◆ **What the task asks**:
Please reproduce the lines from the one containing "Murais de parede" through the end of the data below exactly as they stand, and omit all pictures.

◆ **Data extract**:
◆ ◆ ◆ ◆ ◆

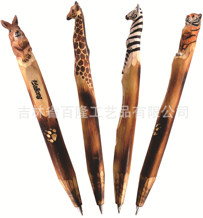 创意木雕动物笔定制手工木头笔木质工艺礼品笔景区热卖圆珠木雕笔
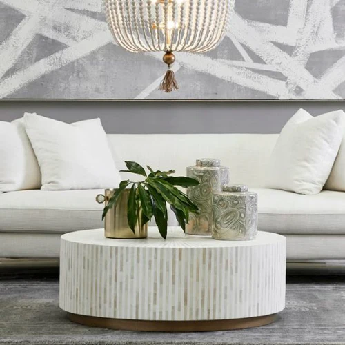 This Mother of Pearl Round Coffee Table in Ivory color adds a regal touch to any space, exuding elegance and timeless beauty. The table features an intricate floral design, complemented by a golden cylindrical base, bringing glamour and sophistication to your home.
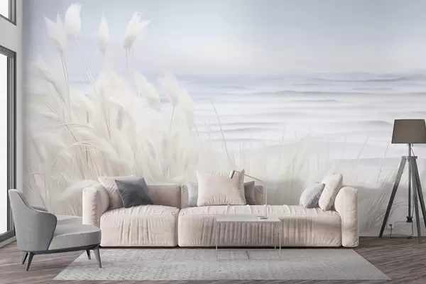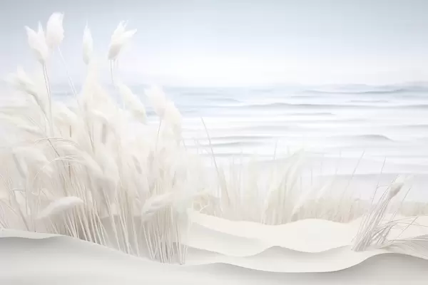 Murais de parede Paisagem com grama branca dos pampas em uma duna de areia, com um oceano azul claro ao fundo, estilo suave e minimalista Nr. w09132
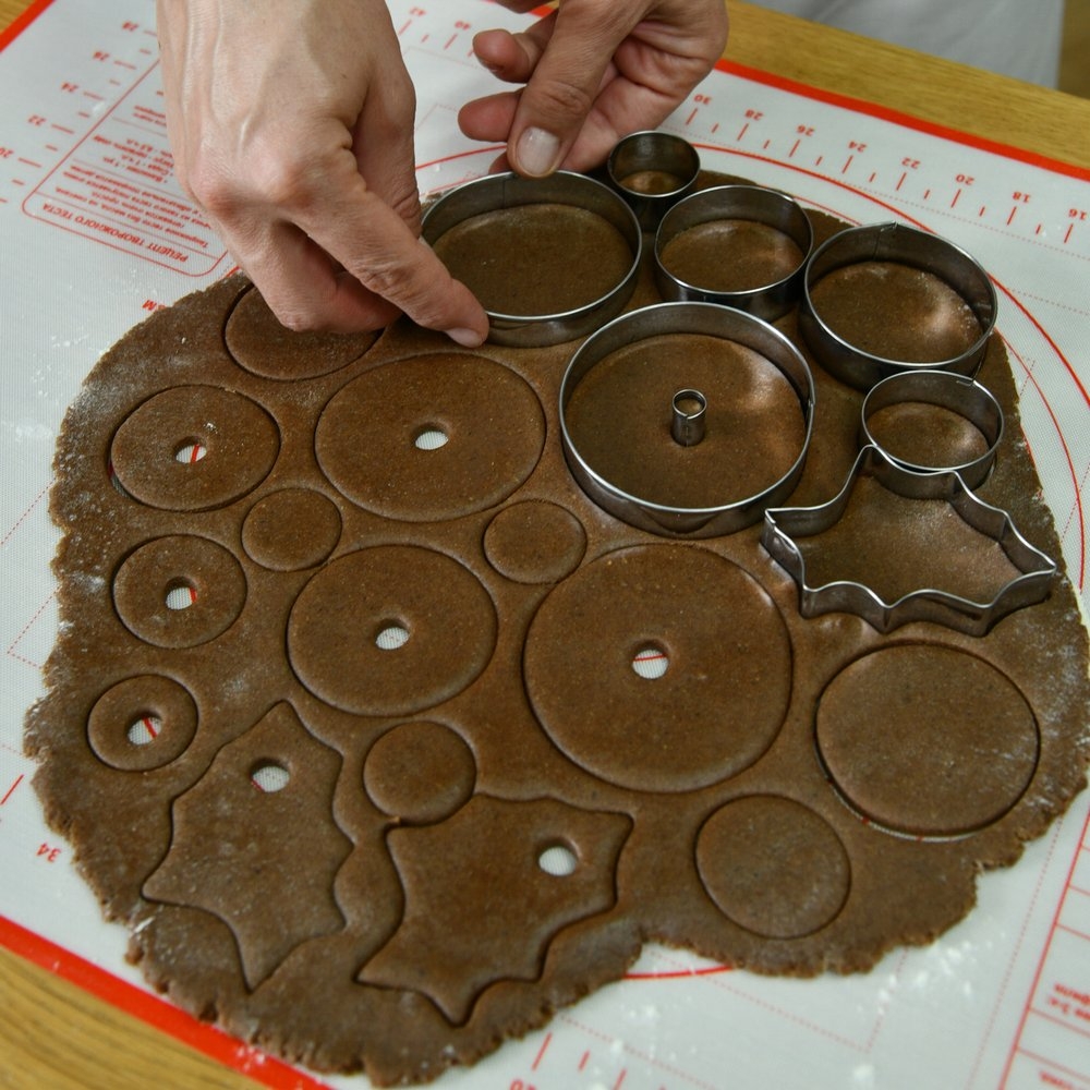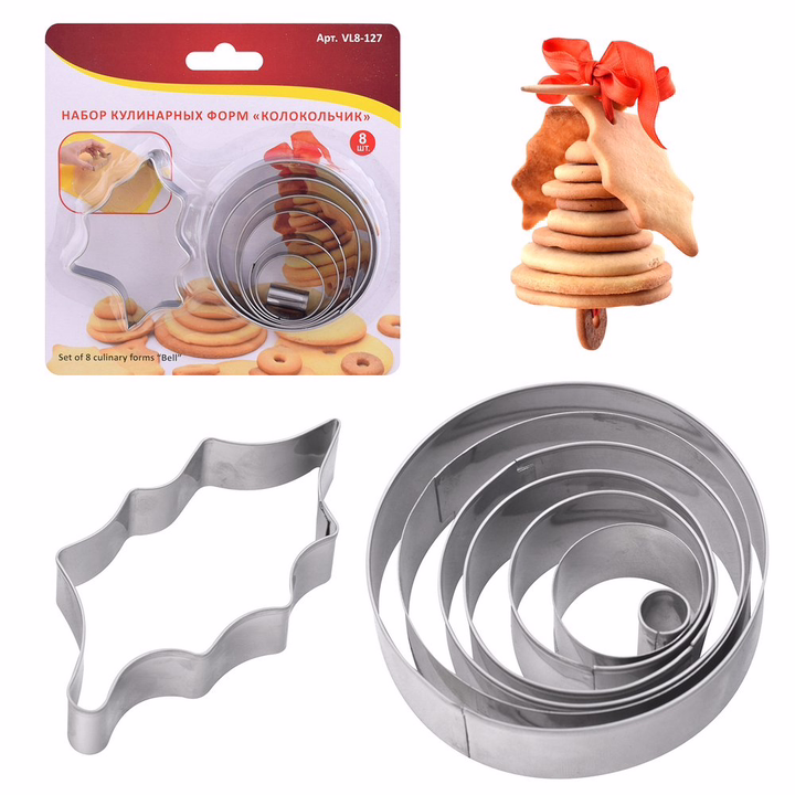 Кулинарные формы – удобный и незаменимый аксессуар в арсенале каждой хозяйки в подготовке праздничного стола. С помощью этого набора кулинарных форм Вы сможете вырезать и испечь печенья и пряники, которые соберутся в 3D фигуру – колокольчик. Оригинальное украшение и угощение для праздничного стола! Раскатайте тесто, вырежьте из него окружности с отверстием внутри, а также листок, испеките и соберите предварительно остудив.

◆ ◆ ◆ ◆ ◆

◆ **Finished task**:
 Murais de parede Paisagem com grama branca dos pampas em uma duna de areia, com um oceano azul claro ao fundo, estilo suave e minimalista Nr. w09132
 Кулинарные формы – удобный и незаменимый аксессуар в арсенале каждой хозяйки в подготовке праздничного стола. С помощью этого набора кулинарных форм Вы сможете вырезать и испечь печенья и пряники, которые соберутся в 3D фигуру – колокольчик. Оригинальное украшение и угощение для праздничного стола! Раскатайте тесто, вырежьте из него окружности с отверстием внутри, а также листок, испеките и соберите предварительно остудив.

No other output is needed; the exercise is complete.